• **Work request**:
The part to set down runs from the first line of the data below through the line with "Sponged Red Damask™", inclusive; write it exactly and leave out the pictures.

(Records contained in a dataset)
________________________
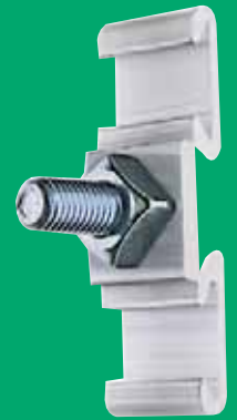
D51089 Mounting Plate
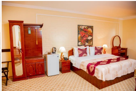
Grand Samarkand Superior ★★★★★
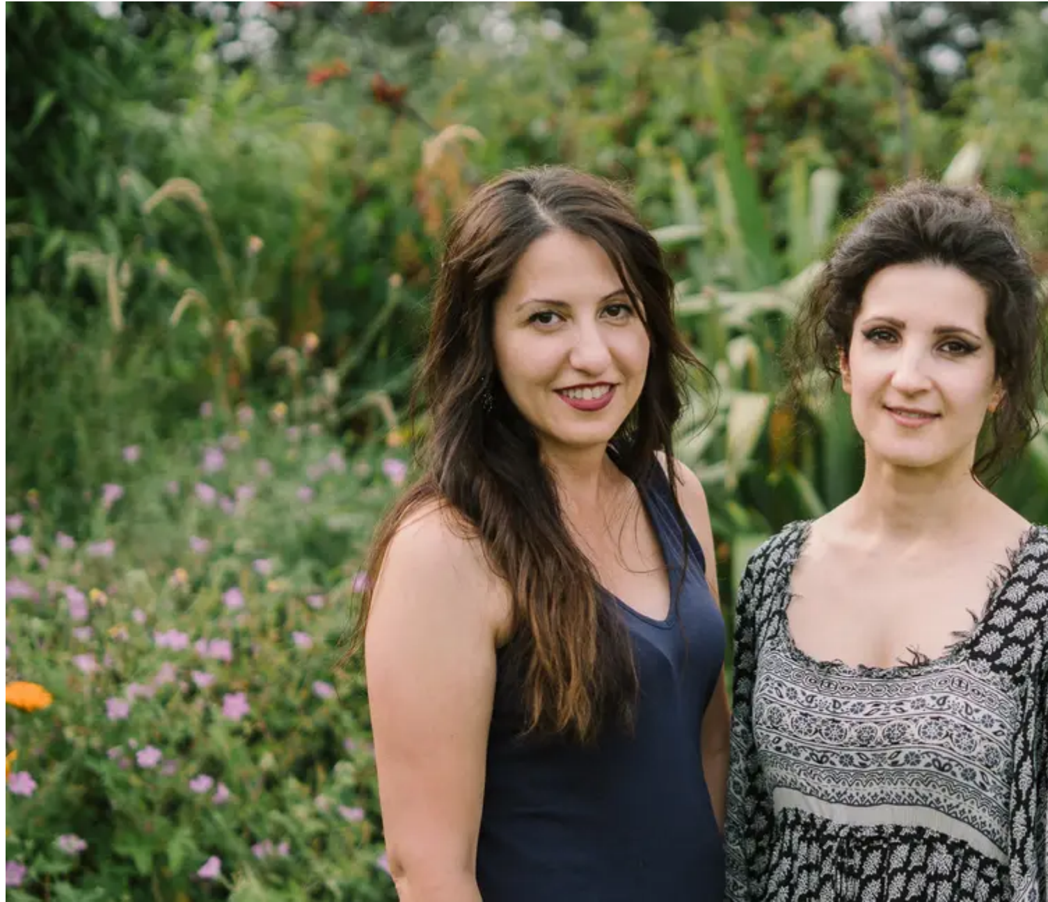
Getting involved in heritage can be a great way to make friends. Those who have, tell us what a difference it has made to their lives.
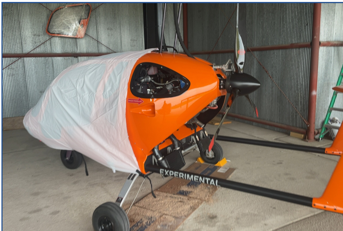
Celier Argon 915 Canopy/Nose Cover, test fit cover
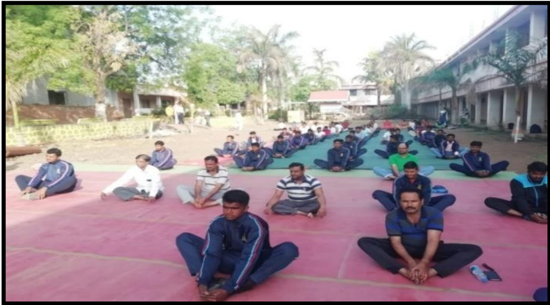
Participants performing “Bhadrasana”
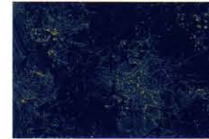
Sponged Red Damask™ PEM over Outer Space™ basecoat
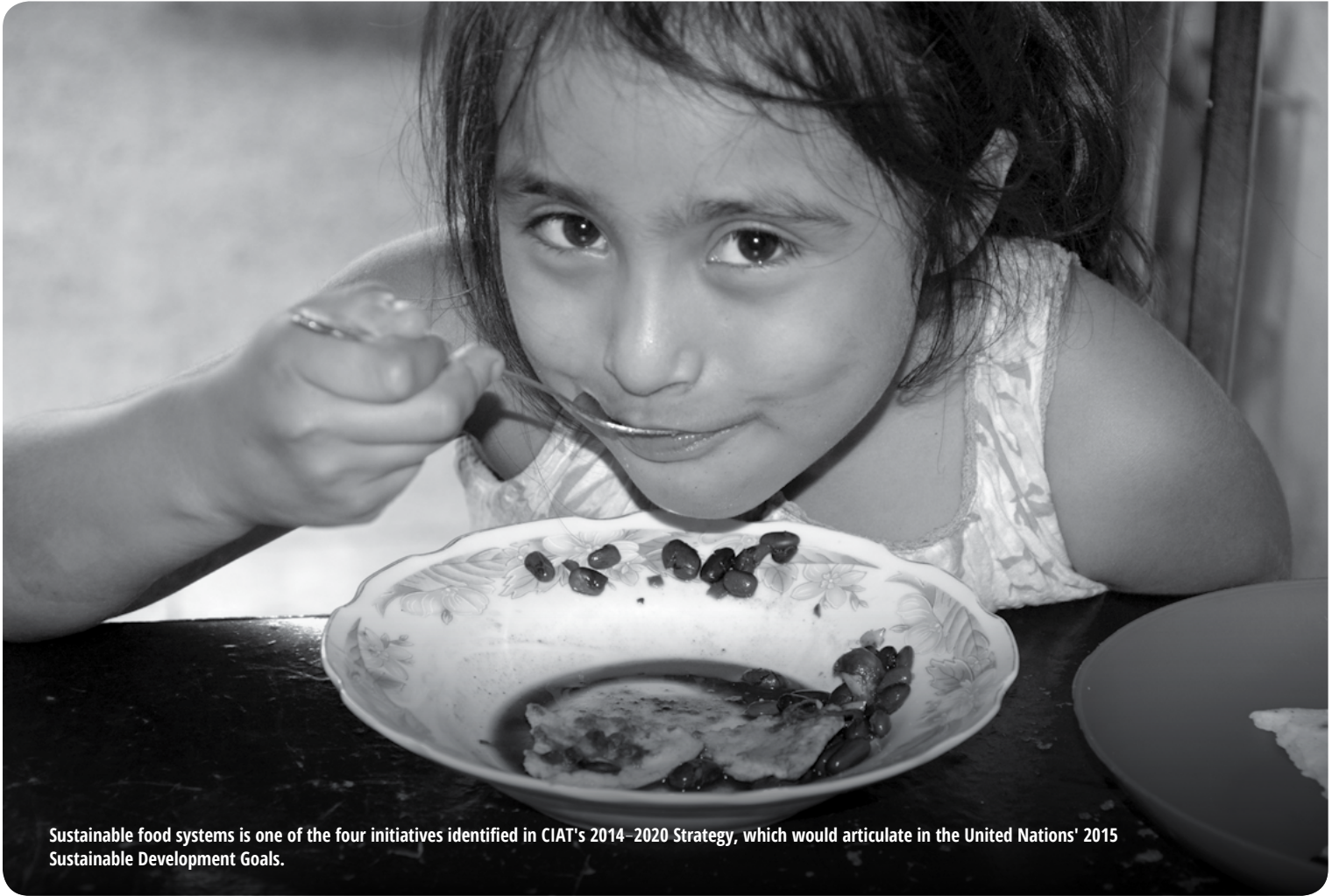
Sustainable food systems is one of the four initiatives identified in CIAT's 2014–2020 Strategy, which would articulate in the United Nations' 2015 Sustainable Development Goals.
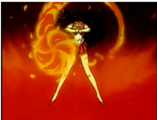
Sailor Mars' Fire Soul Attack, Anime http://wikimoon.org/index.php?title=Fire_Soul

Other inspirations I have for creating my own digital effects and styles come from video game design, concept art, and superheroes who wield powers from the forces of nature, such as in the Anime series Sailor Moon . The art behind the book and TV series Sailor Moon embodies the beautiful and terrifying elements of nature in a surreal style.
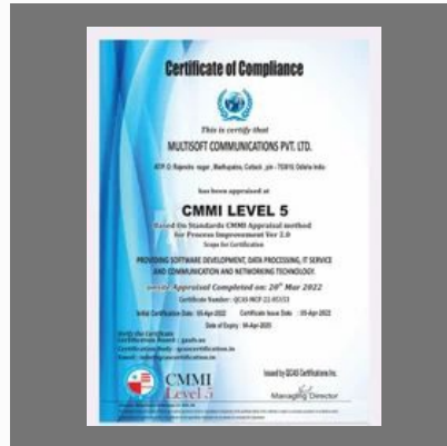
CMMI LEVEL 5 CERTIFICATIONS SERVICE
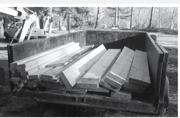
Top photo: Chuck Dahl on his way to the top of a huge ponderosa pine. Bottom photo: Wood from the pine tree is being milled to make new picnic tables.
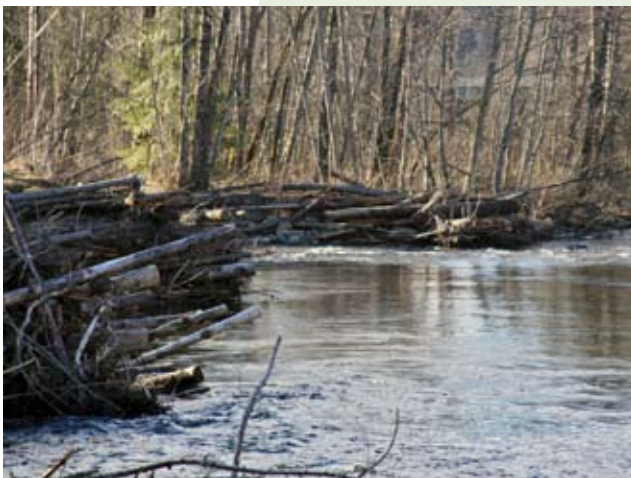
The complexity added by the logjams is important for slowing down water flow on the river.

“We needed to figure out what we could do to help fix the riverbank and change the flow characteristics of the river without accelerating flow through the reach.” - Ian Mostrenko
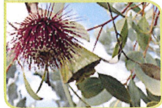
E. pyriformis , Pear-fruited Mallee
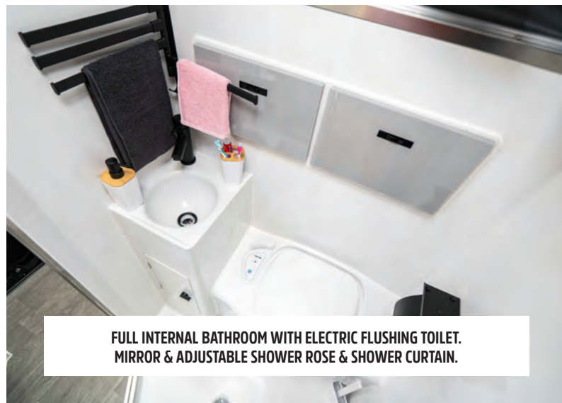
FULL INTERNAL BATHROOM WITH ELECTRIC FLUSHING TOILET. MIRROR & ADJUSTABLE SHOWER ROSE & SHOWER CURTAIN.
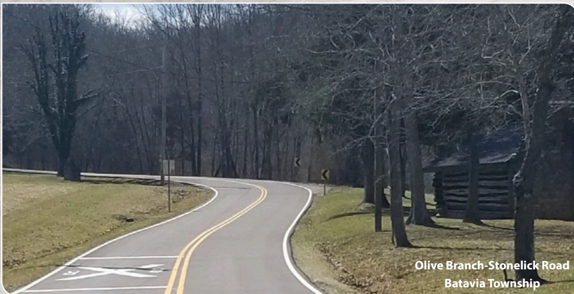
Olive Branch-Stonelick Road Batavia Township
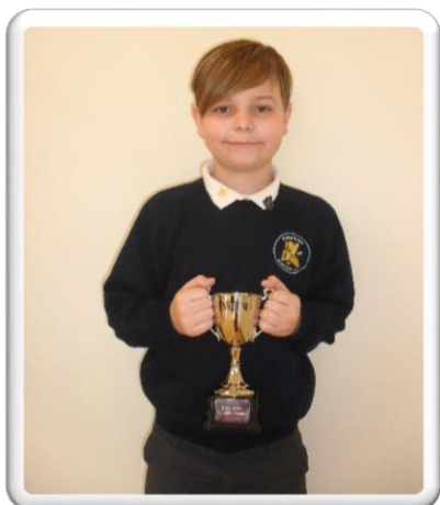
The winning House Captain
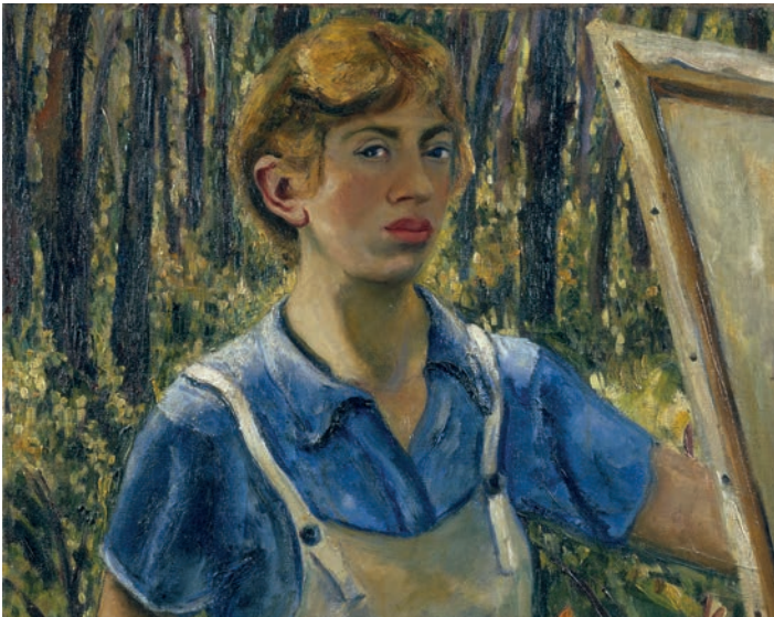
Lee Krasner, Self-Portrait, c. 1928

30 May–1 Sep 2019, Barbican Art Gallery barbican.org.uk/leekrasner
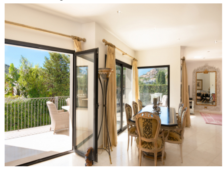
Dining area with balcony access
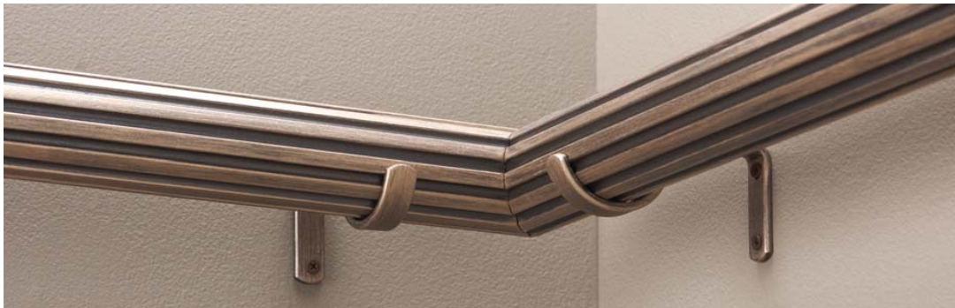
Shown: 90° inside corner miter for 225WG wood pole, WL1 steel brackets, finish 710 Tarnished Silver
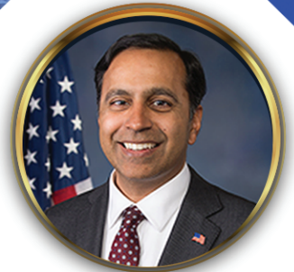
U.S. Rep Raja Krishnamoorthi

HONORING TOP 20 GLOBAL WOMEN OF EXCELLENCE
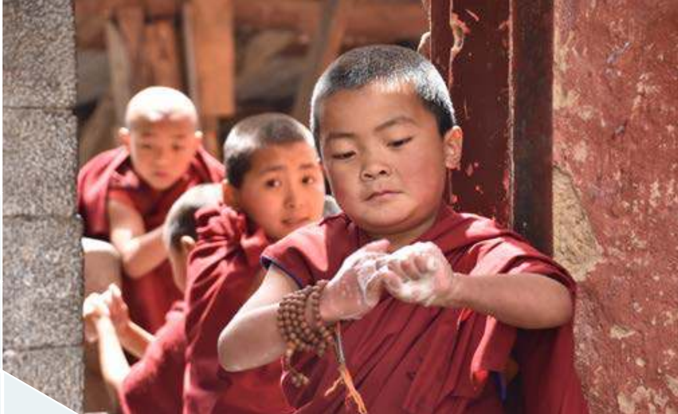
Children from Gumba wash hands before their meal. Thupting Chhyoling Monastery, Solududhkunda Municipality Ward No. 2 Junbesi, Solukhumbu, Nepal, during the campaign of Good Nutrition Program 2018.
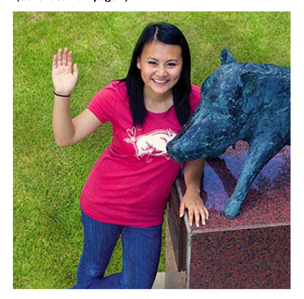
Generation Z Using the "Hi Mom" Webcam

memories of pep rallies in the Chi Omega Greek Theatre.
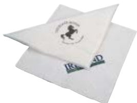
Napkins (1 or 2 Ply) (up to 4 colours)
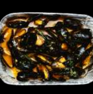
1/2 LB BLACK MUSSEL
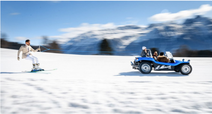
We went skiing with Meyers Manx in St. Moritz .
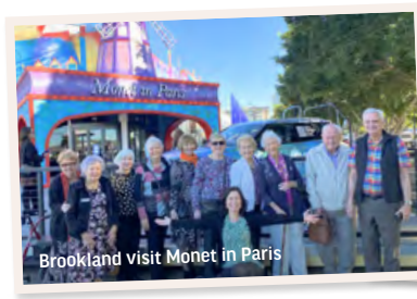
Brookland visit Monet in Paris

Brookland Robertson and Samford Grove residents were transported to the streets of 19th-Century Paris following a visit to an interactive art exhibit at Brisbane's Northshore.
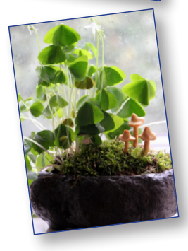
MARCH 16 Leprechaun Garden Bowls

We'll create sweet little heart shaped ring dishes from clay.
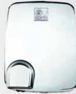
19230 VORTICE METAL HAND DRYER VANDAL-PROOF - SILVER COLOUR 1950W
________________________
• **Finished exercise**:
D51089 Mounting Plate
Grand Samarkand Superior ★★★★★
Getting involved in heritage can be a great way to make friends. Those who have, tell us what a difference it has made to their lives.
Celier Argon 915 Canopy/Nose Cover, test fit cover
Participants performing “Bhadrasana”
Sponged Red Damask™ PEM over Outer Space™ basecoat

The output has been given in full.